And according to the information, judging consistency test of the matrix: the consistency check is that the weight matrix meets the logic consistency of priority. When a is strongly preferred over b and b is slightly preferred, it is apparent that a must be preferred over b. This is to judge the logical consistency of thinking, otherwise the judgment is contradictory.
The judgment matrix has a unique non-zero and maximum eigenvalue λ max =n (n is the order of the judgment matrix) under the condition that the above-mentioned complete consistency is satisfied. However, in general decision problems, it is not possible for the decision maker to give accurate w i/wj metrics, and only make a decision to evaluate them. Thus, the actual A [ i ] [ j ] judgment given deviates from the ideal w i/wj, and the complete consistency of the judgment matrix cannot be ensured. Therefore, in order to ensure that the conclusion obtained by using the AHP is basically reasonable, consistency test is also required to be performed on the constructed judgment matrix.
Wherein, when the consistency index ci=0, a is consistent; the greater the CI, the more severe the degree of inconsistency of A.
In order to measure satisfactory consistency in different judgment matrixes, according to experience, an average random consistency index RI value of the judgment matrixes is also required to be introduced. For the 1-9 th order judgment matrix, the RI values are shown in the following table 11:
Order of | RI value |
1 | 0.00 |
2 | 0.00 |
3 | 0.58 |
4 | 0.90 |
5 | 1.12 |
6 | 1.24 |
7 | 1.32 |
8 | 1.41 |
9 | 1.45 |
When the order is >2, the ratio of the consistency index CI of the judgment matrix to the consistency index RI of the same-order average random number becomes a random consistency ratio, and is marked as CR.
When cr=ci/RI < 0.1, the judgment matrix is considered to have satisfactory consistency, otherwise, the judgment matrix needs to be adjusted to have satisfactory consistency.
And finally solving to obtain a weight matrix with satisfactory consistency. And respectively obtaining a weight matrix according to the two special cases.
Finally, the tolerance of each set to the risk type i is defined as w i
Step S30 calculates a risk value of each set of the multiple sets according to a risk type corresponding to the risk value of each application program in the preset multiple risk types and a tolerance of each set corresponding to each risk type.
Specifically, the tolerance of the individual sets to risk types and the average risk value for each risk type calculate the overall set risk value as follows:
where w i refers to the tolerance of the set to the ith risk type of the plurality of risk types, and y i refers to the average risk value of the ith risk type of the plurality of risk types.

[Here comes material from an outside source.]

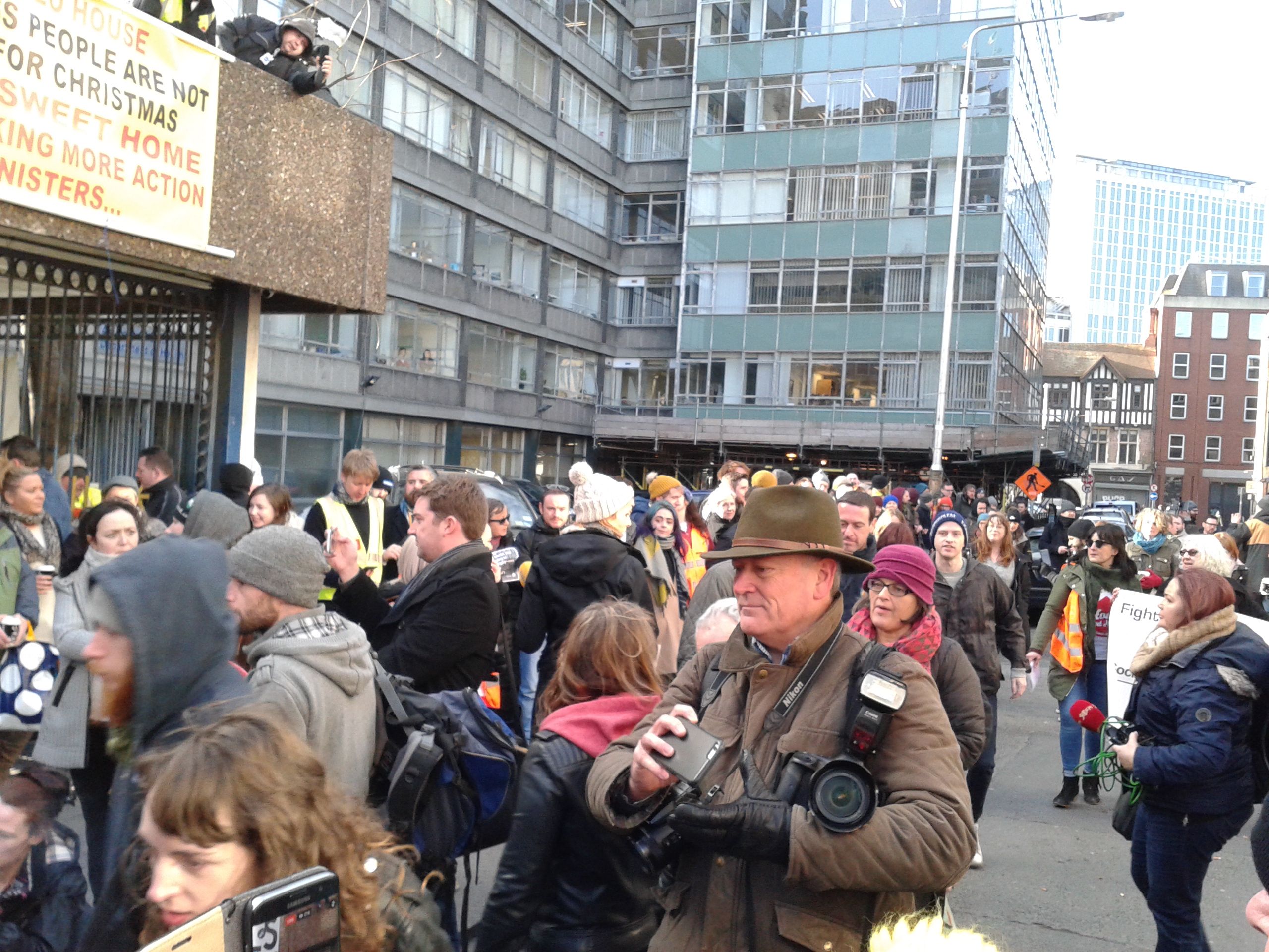 HUNDREDS ATTENDED AT APOLLO HOUSE in bitter cold from late morning today to indicate their support for the homeless people and housing activists in occupation of the building. At the same time, a court refused to extend the
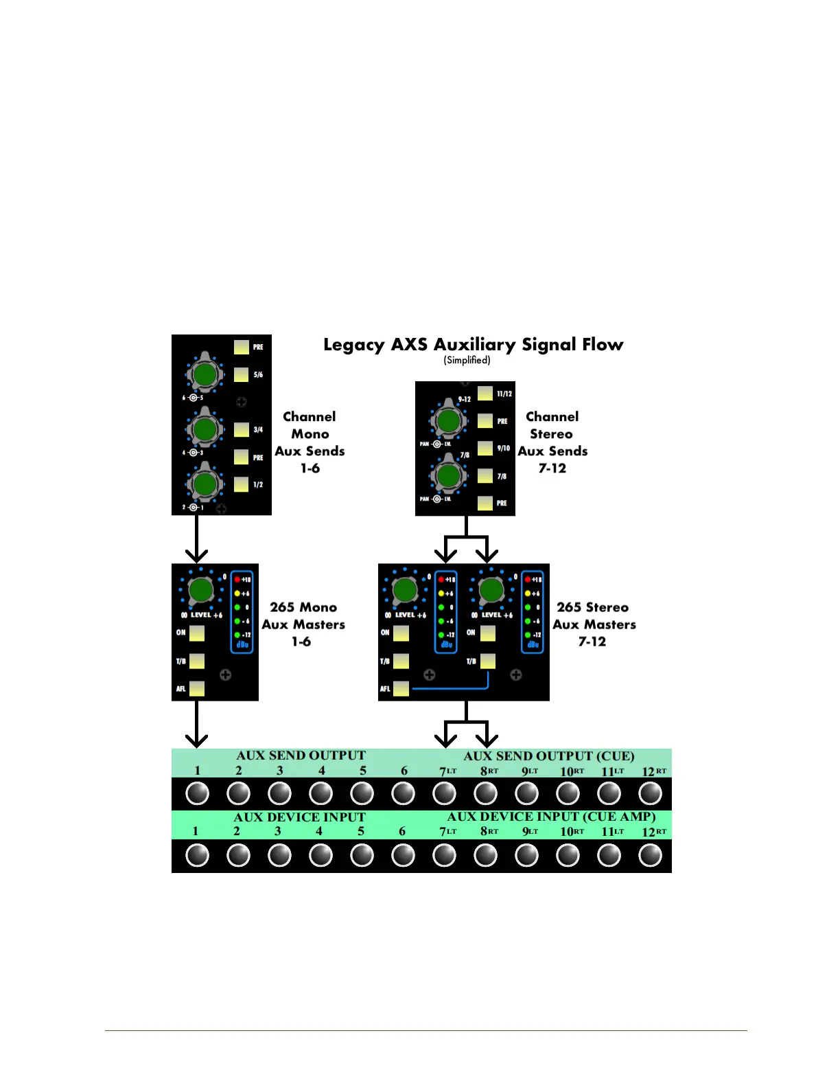 The Legacy AXS console provides a powerful Auxiliary Send system with a variety of options for

Step S40 determines a risk level of an application system according to the risk value of each set in the plurality of sets, where the application system refers to a system formed by applications included in the plurality of sets.
Preferably, the customer overall risk value and risk level calculation scheme comprises two parts, namely internal risk value calculation and external risk value calculation, wherein the internal risk value refers to the risk value represented by all threat information in the process of carrying out personalized potential risk exposure face early warning calculation on threat information based on customer digital asset information and supply chain information, and the internal risk value is provided by a potential risk exposure face early warning calculation engine.
Specifically, according to an algorithm
A first sub-risk value of the application system is calculated, wherein x i represents a risk value of an i-th set of the plurality of sets.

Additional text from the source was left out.